Increases in energy demand and chemical production, together with the rise in CO 2 levels in the atmosphere require new, renewable energy sources to be developed. Electrochemical CO 2 reduction to fuels and chemicals is an appealing alternative to traditional methods of producing energy and chemicals due to its simplicity and ability to implement with solar and wind energy sources. Sn has been identified as a promising catalyst for the CO 2 reduction reaction (CO 2 RR) to formate (HCOO - ), a key chemical for many industries; however, there is a lack of experimental data to corroborate the prevailing theories of the mechanism and key intermediates for HCOO - production.
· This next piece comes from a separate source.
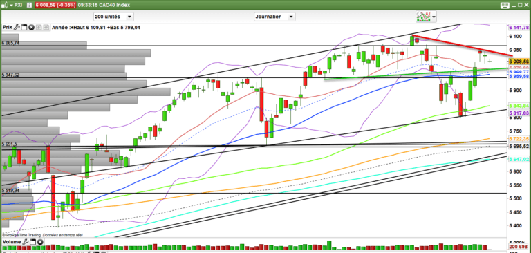 Les médias continuent à faire du divertissement plus que de l’information. Mais la vérité est dans les marchés. Et les marchés sont en train de temporiser voire d’incuber en attendant la suite. On a donc droit à une consolidation en attendant, coincée entre les 5950-5980 en support et 6030-6065 points. Entre donc à très court terme c’est neutre. Mais à court, moyen et long terme, c’est haussier point barre

This work reports a joint experimental and theoretical investigation of the electrochemical reduction of CO 2 on polycrystalline Sn surfaces. Our results show that Sn electrodes produce HCOO - , carbon monoxide (CO) and hydrogen (H 2 ) across a range of potentials, and that HCOO - production becomes favored after -0.8V vs. RHE, reaching a maximum faradaic efficiency of 70%. Scaling relations for Sn and other transition metals are examined using experimental current densities and density functional theory (DFT) binding energies. While *COOH was determined to be the key intermediate for CO production on metal surfaces, we suggest that it is unlikely to be the primary intermediate for HCOO - production. Instead, a strong correlation between *OCHO and HCOO - production is observed, suggesting that the key intermediate for the CO 2 RR to HCOO - . Sn’s optimal *OCHO binding energy explains its high selectivity for HCOO - . These results suggest that oxygen bound intermediates are critical to understand the mechanism of CO 2 reduction to HCOO - on metal surfaces.